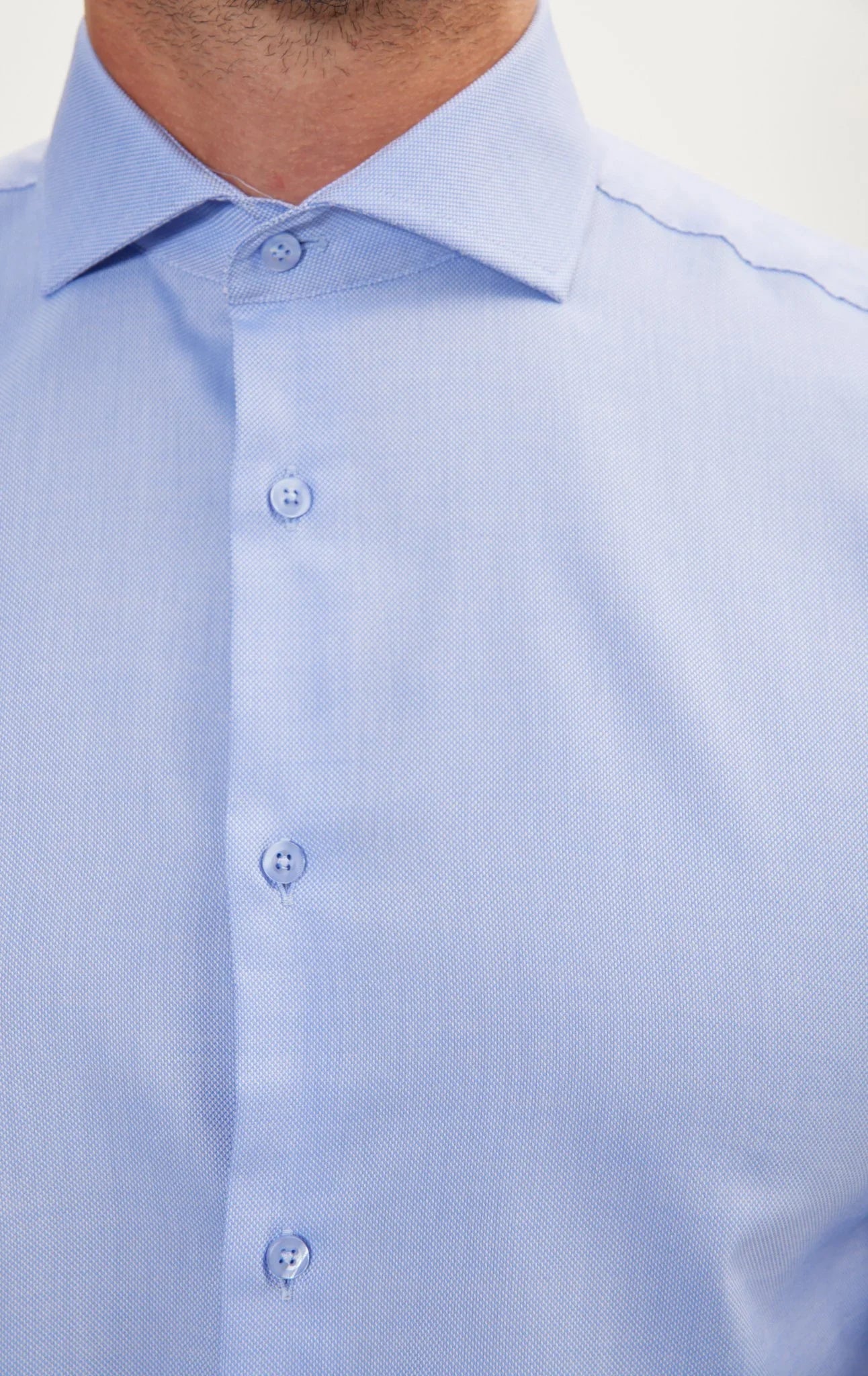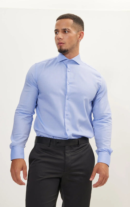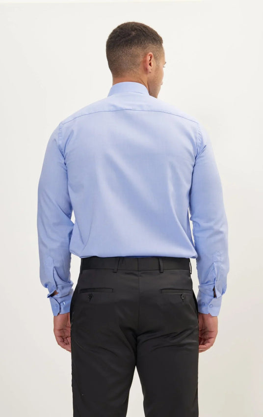 Pure Cotton French Placket Spread Collar Dress Shirt - Pinpoint Blue Blue
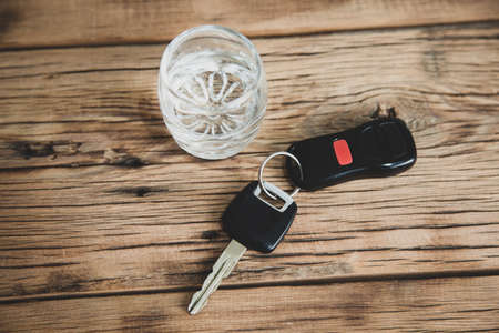 Glass of alcoholic drink and car key, on wooden table background.Alcoholic drink and car keys - do not drink and drive concept.
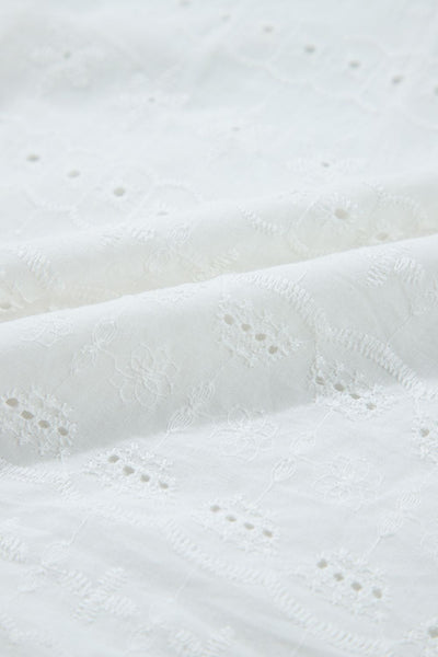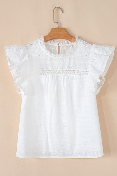 Lace Round Neck Flutter Sleeve Eyelet Blouse
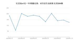 2020年11月,比亚迪e1销量为125辆,同比下降55.83%,环比下降14.38%。
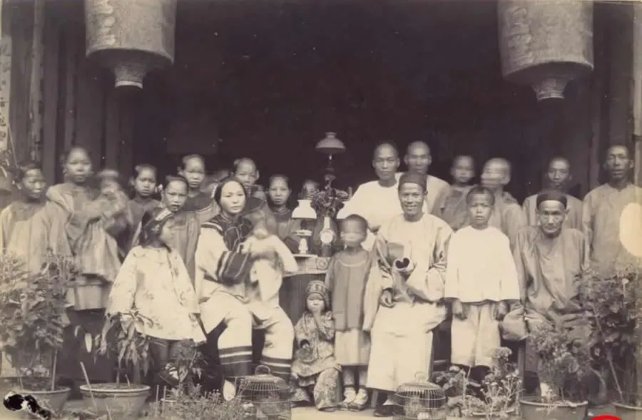 这个大阵仗叫全家福,门梁下挂着两只大红灯笼,几张太师椅排成一溜,前头放着座钟和煤油灯,鸟笼子挨着摆开,孩童站在脚边抻着新衣下摆,老人把旱烟杆横着搁在膝上,主人家显然有些底子,拍照前还把院里的盆景端了个遍,妈妈看了笑,说你看这讲究劲儿,摆得比年夜饭还齐呢,现在拍合影谁还搬家伙事儿,手机一举就完事了。
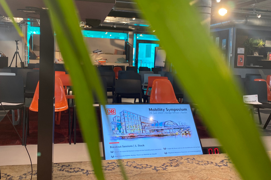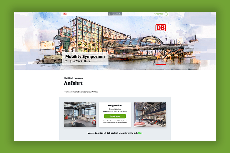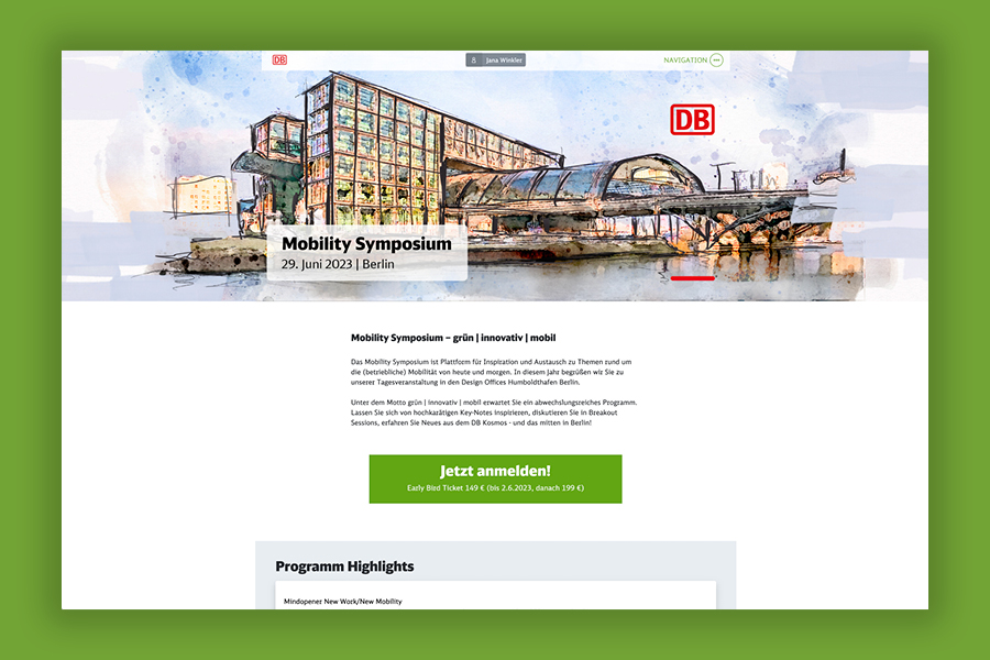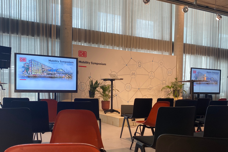 Am 29. Juni fand in den Design Offices Berlin Humboldthafen das Mobility Symposium der Deutschen Bahn statt. Das Format ist eine Plattform für Inspiration und Austausch rund um die Mobilität von heute und morgen. Unter dem Motto »New Work meets New Mobility« wurde rund 140 Gästen ein abwechslungsreiches Programm mit hochkarätigen Key-Notes, News aus dem DB-Kosmos sowie interessanten Breakout-Sessions präsentiert. Zudem konnte das Publikum mit über die Gewinner der Climate Mobility Challenge 2023 abstimmen. Wir freuen uns sehr, dass unsere all-in-one Eventplattform dabei wieder perfekt zum Einsatz kam.
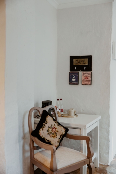 A beautiful room adorned with a double bed, complemented by a cozy reading chair and a convenient workstation. Private bathroom with a shower. Access to a charming communal courtyard for unwinding, enhancing your stay with a touch of scenic beauty.
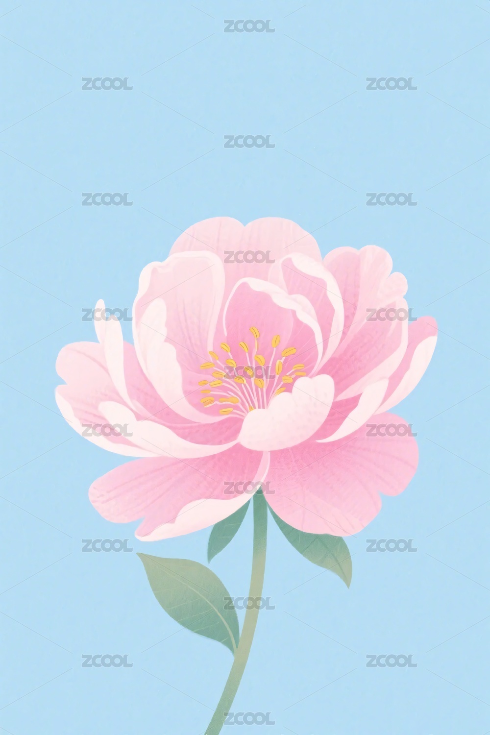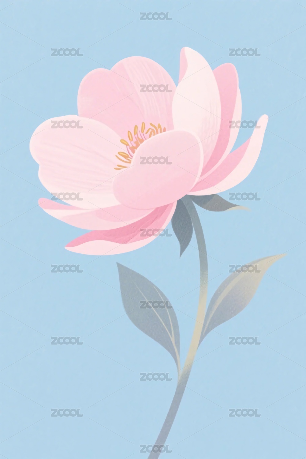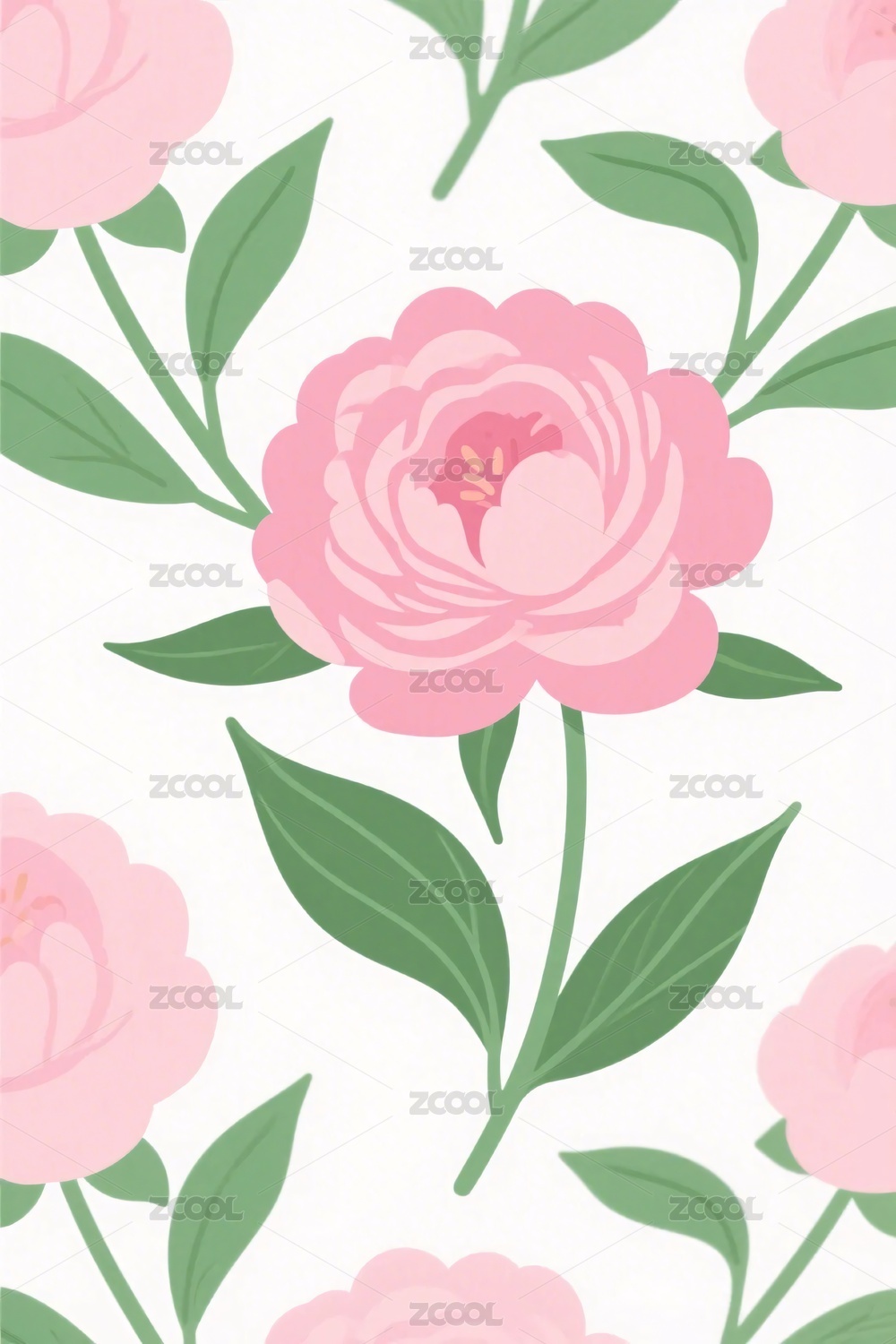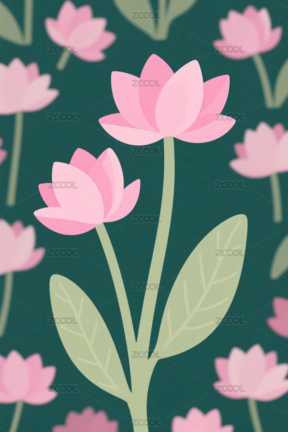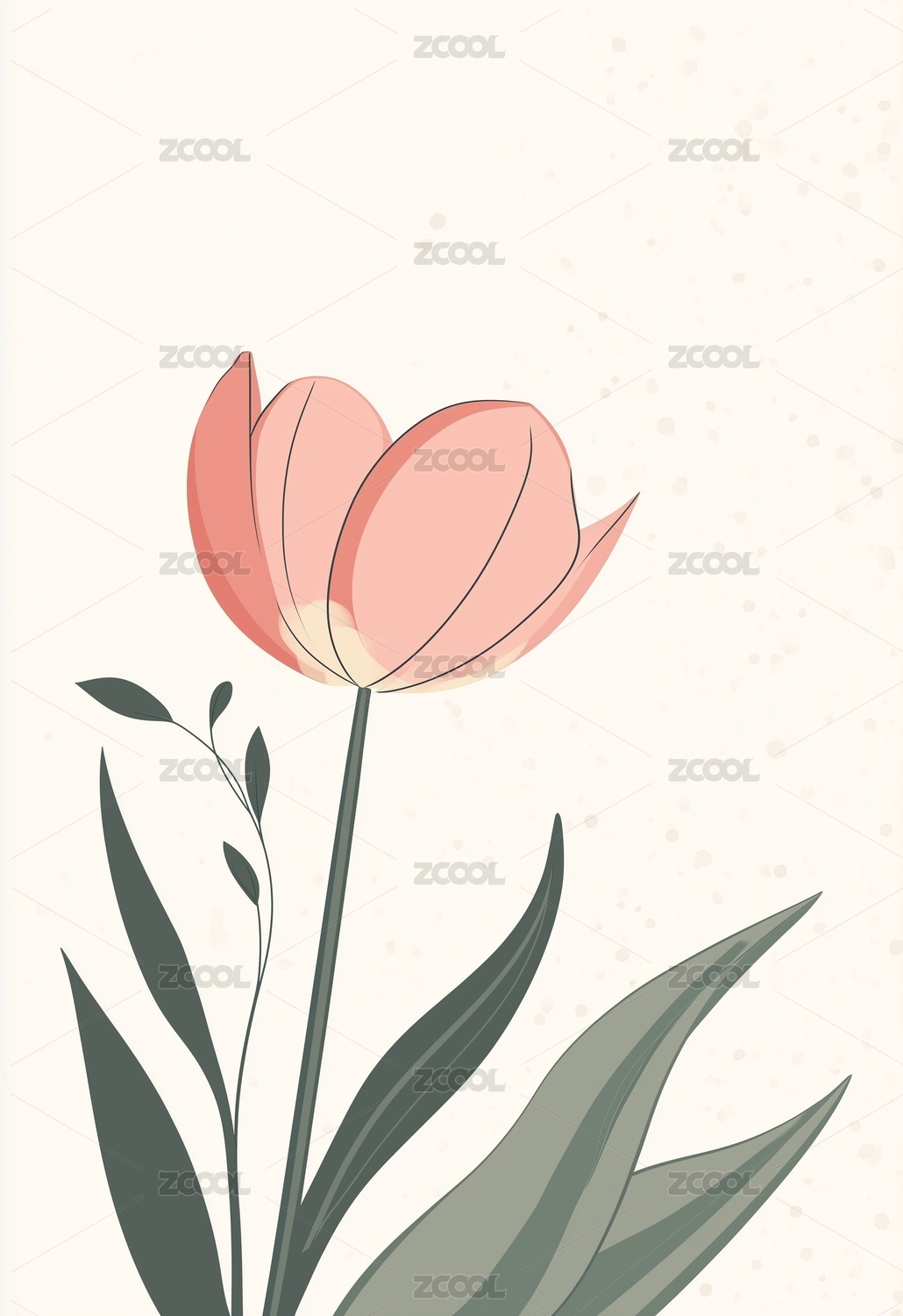 花朵,插画,叶子,植物,简约,粉色,绿色,装饰,平面,自然
• • • • • • •
◆ TASK DETAILS: Without including any pictures, output each entry above exactly as it appears.

◆ ANSWER TO THIS TASK:
 Pure Cotton French Placket Spread Collar Dress Shirt - Pinpoint Blue Blue
 Glass of alcoholic drink and car key, on wooden table background.Alcoholic drink and car keys - do not drink and drive concept.
 Lace Round Neck Flutter Sleeve Eyelet Blouse
 2020年11月,比亚迪e1销量为125辆,同比下降55.83%,环比下降14.38%。
 这个大阵仗叫全家福,门梁下挂着两只大红灯笼,几张太师椅排成一溜,前头放着座钟和煤油灯,鸟笼子挨着摆开,孩童站在脚边抻着新衣下摆,老人把旱烟杆横着搁在膝上,主人家显然有些底子,拍照前还把院里的盆景端了个遍,妈妈看了笑,说你看这讲究劲儿,摆得比年夜饭还齐呢,现在拍合影谁还搬家伙事儿,手机一举就完事了。
 Am 29. Juni fand in den Design Offices Berlin Humboldthafen das Mobility Symposium der Deutschen Bahn statt. Das Format ist eine Plattform für Inspiration und Austausch rund um die Mobilität von heute und morgen. Unter dem Motto »New Work meets New Mobility« wurde rund 140 Gästen ein abwechslungsreiches Programm mit hochkarätigen Key-Notes, News aus dem DB-Kosmos sowie interessanten Breakout-Sessions präsentiert. Zudem konnte das Publikum mit über die Gewinner der Climate Mobility Challenge 2023 abstimmen. Wir freuen uns sehr, dass unsere all-in-one Eventplattform dabei wieder perfekt zum Einsatz kam.
 A beautiful room adorned with a double bed, complemented by a cozy reading chair and a convenient workstation. Private bathroom with a shower. Access to a charming communal courtyard for unwinding, enhancing your stay with a touch of scenic beauty.
 花朵,插画,叶子,植物,简约,粉色,绿色,装饰,平面,自然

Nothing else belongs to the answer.